3 lessons learned from the Data Lake Architectures

July 23, 2020

Data

The usual thing in a project is that everything starts with a challenge, but in the case of Data projects there is a pain that usually weighs more heavily: Not being able to obtain knowledge of the data in custody in a short time is a loss of important opportunities, both of the data itself and of the technological options possible to use.

Building the Data Culture

From the point of view of data science knowledge is obtained by applying algorithmic techniques on a dataset and then showing the results obtained in the form of an article, but the life of a dataset is a complex process; especially if we are the ones who have cured it. The life of a dataset includes implementing everything from data ingestion, validation, duplicate elimination, anonymization or application of statistical secrets, to the formation of more reliable zones to finally “cure” a dataset that is in the best possible condition. The evidence shows that between 70% and 90% of the time of the data work is spent on data healing tasks (if you spend the day mostly between pandas, Drill or Spark shell you know what I mean).

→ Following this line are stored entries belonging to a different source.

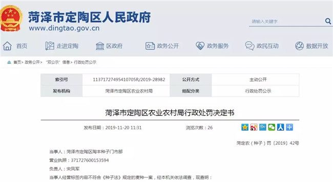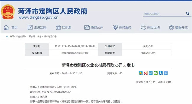 2019年9月26日,菏澤市定陶區(qū)農(nóng)業(yè)農(nóng)村局執(zhí)法人員在市場檢查時,發(fā)現(xiàn)當事人經(jīng)營的青農(nóng)2號麥種(魯農(nóng)審2010070)包裝袋標簽標識與審定公告內(nèi)容不符,執(zhí)法人員當場進行勘驗,該小麥種子共60袋(15kg/袋),對該麥種就地登記保存,并制作現(xiàn)場勘驗筆錄和證據(jù)登記保存清單。經(jīng)領(lǐng)導(dǎo)批準,對當事人的經(jīng)營行為進行立案調(diào)查。執(zhí)法人員詢問了當事人的有關(guān)情況,并制作了詢問筆錄。9月27日本機關(guān)向當事人送達了《行政處罰事先告知書》,在規(guī)定的時間內(nèi),當事人未提出陳述申辯或申請聽證。
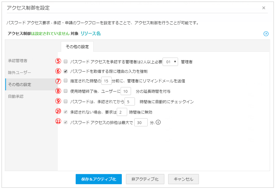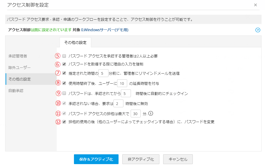 | ⑦ | 保留中のパスワードアクセス要求を処理するために、アクセス開始時刻の「X」分前に承認管理者にリマインドメールを送信 | 使用日時を指定して申請した場合、利用開始時間の何分前に管理者へリマインドメールを送信するかを分単位で指定します。 |
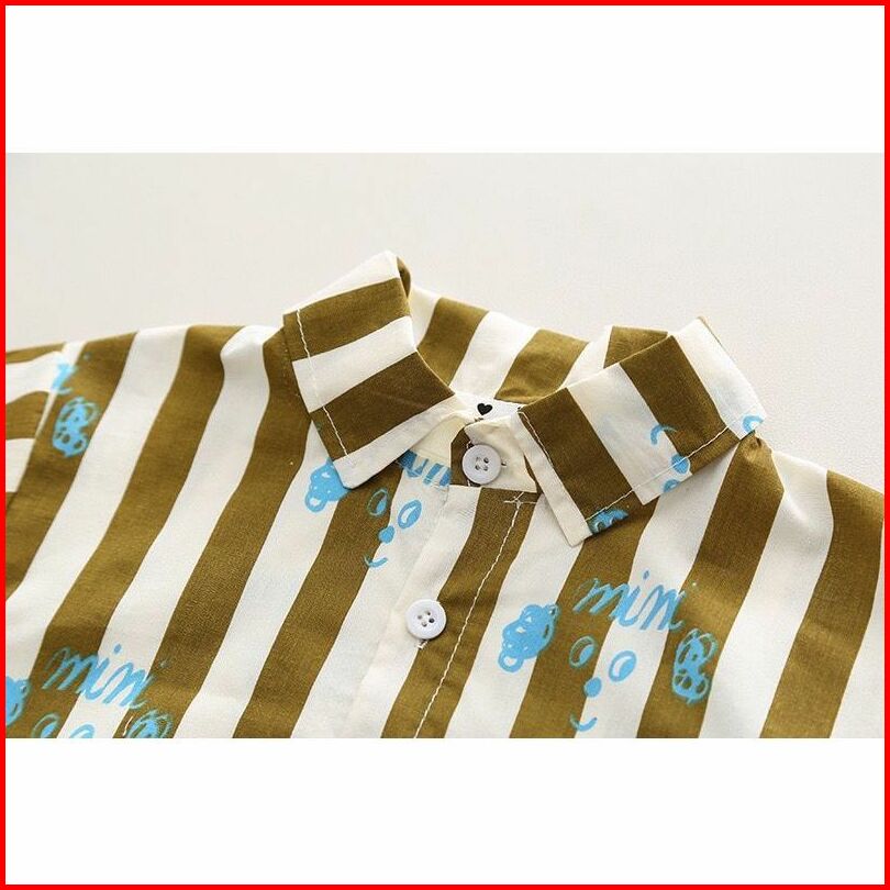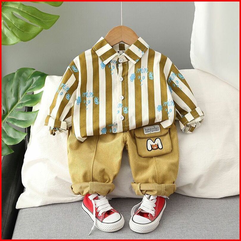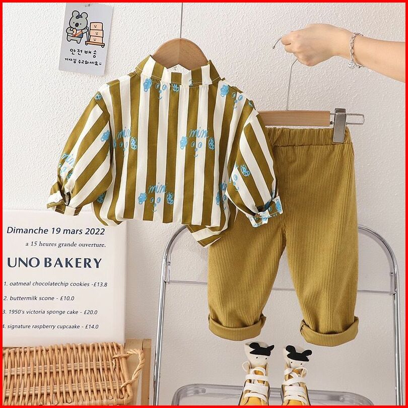 Setelan Kemeja Anak Laki Laki Motif Salur Green Keren Premium Usia 6 Bulan - 5 Tahun Baju Kekinian
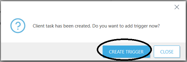 3- د ر پایان از شما خواسته می شود که این تسک را بر روی یک کلاینت اجرا کنید. بر روی create trigger کلیک کنید.
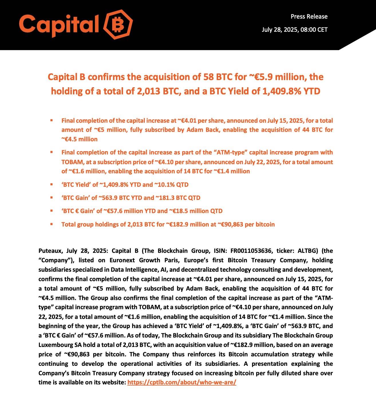 深潮 TechFlow 消息,7 月 28 日,据官方公告,欧洲上市公司 Capital B 以约 590 万欧元收购 58 枚 BTC。此次收购后,Capital B 的比特币总持有量达到 2,013 枚。该公司年初至今的 BTC 收益率达到 1,409.8%。
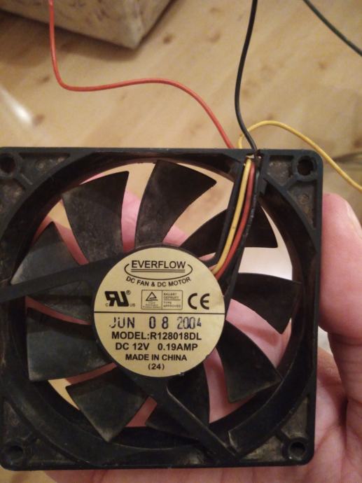 Prodaje se ventilator kučišta proizvođača Everflow, DC Fan&DC Motor dimenzija 80mm*80mm*20mm,Crni,DC 12V 0.19AMP.
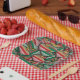These plates feature a vibrant and nostalgic pattern of retro-style Christmas ornaments in festive red, green, and white stripes, evoking classic holiday charm. Inspired by midcentury holiday décor, each ornament showcases playful, vintage aesthetics that bring a touch of timeless warmth to any holiday season. Perfect for anyone who loves the look of vintage Christmas decorations, this design adds a unique, joyful twist to your holiday wardrobe or décor. Whether you’re attending festive gatherings or simply embracing the holiday spirit, this pattern is sure to stand out with its cheerful, retro flair.
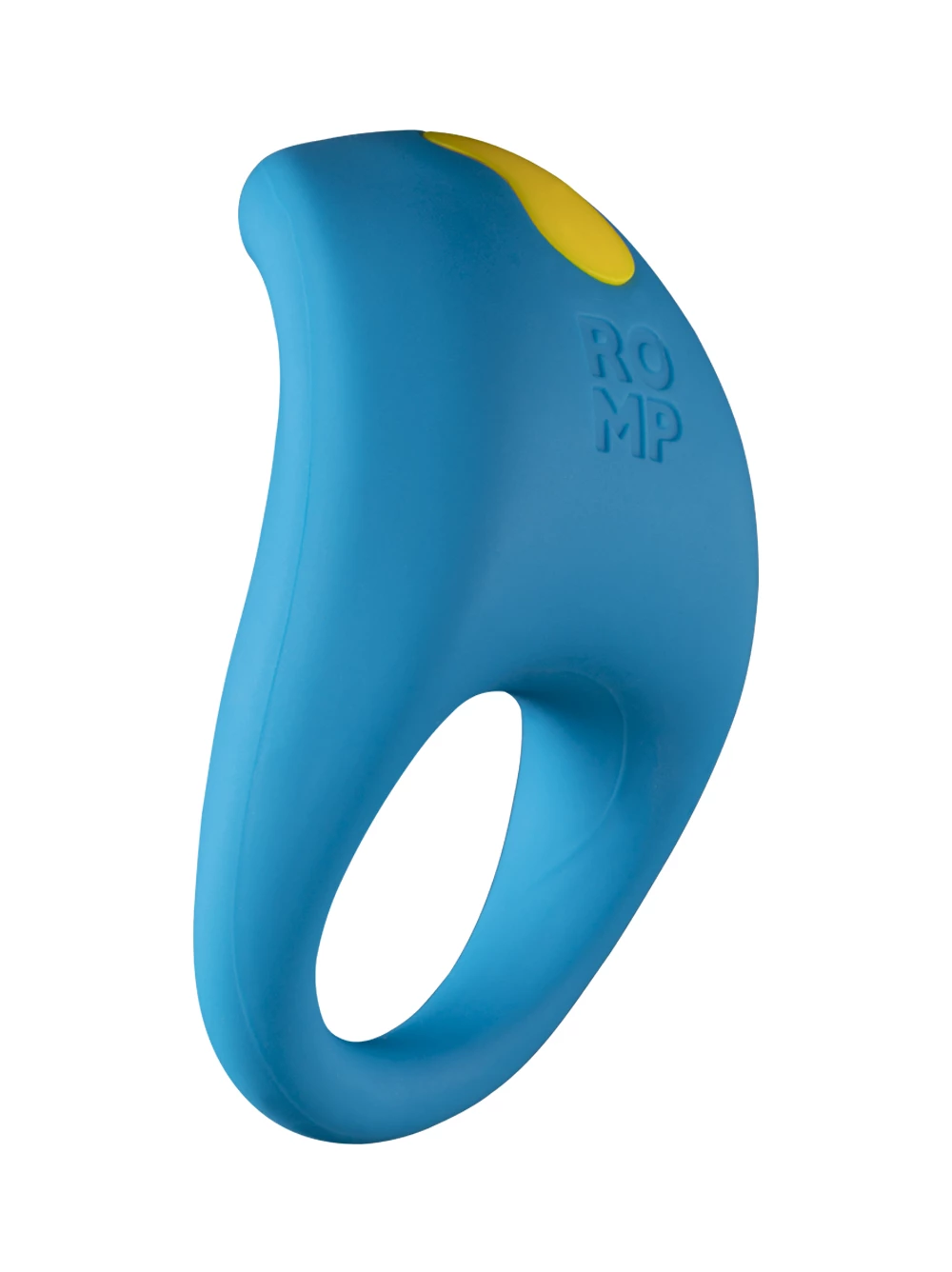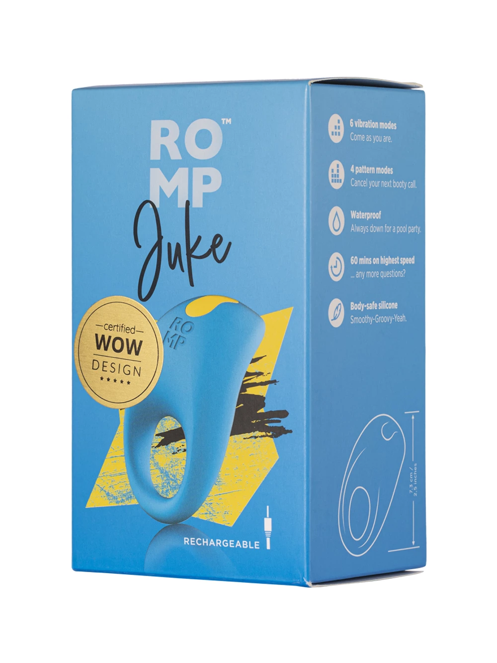 The Romp Juke is a waterproof, rechargeable penis ring designed with an extended top section for wider coverage–enjoy enhanced pressure and intensity, plus six vibration modes and four pulsation patterns. Its two control buttons are located on the top, which makes it easy to skip to the next vibration pattern when you’re ready to change up the beat! Ergonomically designed to fit comfortably on the body, its vertical motor placement lets you enjoy maximum sensation and contact both when used with a partner, nestled against the clitoris or testicles, or for solo use–wear it with the vibe facing downward for more direct testicle stimulation. Rechargeable–a one-hour charge yields an hour of play.

A day in the life of a dataset

Where do we get our cured datasets from? Are we going to save information and then see what we do with it? or are we going to save data that we already know what to do with? Those who remember from Software Engineering – of course they will understand that – the Use Case here is diffuse, I don’t know if it is required to a client to have a use case about a data asset that can produce unknown results, many times organizations do data projects (and it is understandable) not only to extract information from the data, but to make an inventory of what data they capture or have.

Lessons learned from Data Lake Architectures

Suppose we get our data from a DataLake, this implies that a day in the life of a dataset is next: It captures as much data as it can from the digital assets under my control and then every day (or hour or week, it depends) I will treat the data increasing the confidence levels of it (classic example: eliminate duplicates, eliminate corrupted data), making them go through zones (bronze, silver, gold) and once I have the data about the highest confidence zone I will generate the datasets that will be input for the regression models, classification, etc.

Lesson learned 1: “The data & analytics ecosystem is not integrated

Curious fact: There is an online game called “Pokemon or big data”, where from the name of a supposed Big Data product you must guess which one is from each “Universe”.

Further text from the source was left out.